Pig Plague Starts Rippling Through American Meat Markets | WHAT REALLY HAPPENED

Pig Plague Starts Rippling Through American Meat Markets

U.S. meat markets had so far been shielded from the effects of a deadly pig disease wiping out Asian herds. That’s starting to change.

As pork supplies plummet in China, the world’s top consumer is desperate for meat and is ramping up imports. As a result, it’s becoming harder to set longer-term protein contracts amid concerns over market volatility and changing trade flows, according to Jayson Penn, chief executive officer of Pilgrim’s Pride Corp., the No. 2 U.S. chicken producer.

“The contracting season is moving somewhat slower this year” for chicken, Penn said on a conference call with analysts following the release of third-quarter earnings. While major fast food restaurant chains are looking for beef contracts, “there are not many sellers willing to forward price,” he said.

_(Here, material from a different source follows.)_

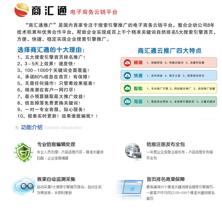 4、首頁排名:客戶的產品信息能快速出現在各大搜索引擎首頁,被潛在客戶瀏覽,在家坐等訂單! 精準搜索:精準關鍵詞帶來精準流量,搜索精準關鍵詞的客戶基本上都是有購買意向的客戶,流量即銷量。

American markets have so far been protected from the impact from African swine fever, which kills most infected pigs in 10 days. That’s largely due to trade barriers that were either in place -- the case for chicken -- or imposed as retaliation to President Donald Trump’s trade war with China. But expectations of rising prices are now affecting the U.S. market.

Webmaster's Commentary: 

I would like to politely suggest, that if our readers/listeners do not currently have a freezer, you might want to think about getting one right now, possibly splitting the cost with a friend or family member.

Because of illnesses, and non-planting in those states ravaged by rain and/or fires, food prices next year, will be very intense; the time to plan for this contingency, is right the heck now. I would almost be willing to bet this will be a really saving grace for people as spring comes up in 2020.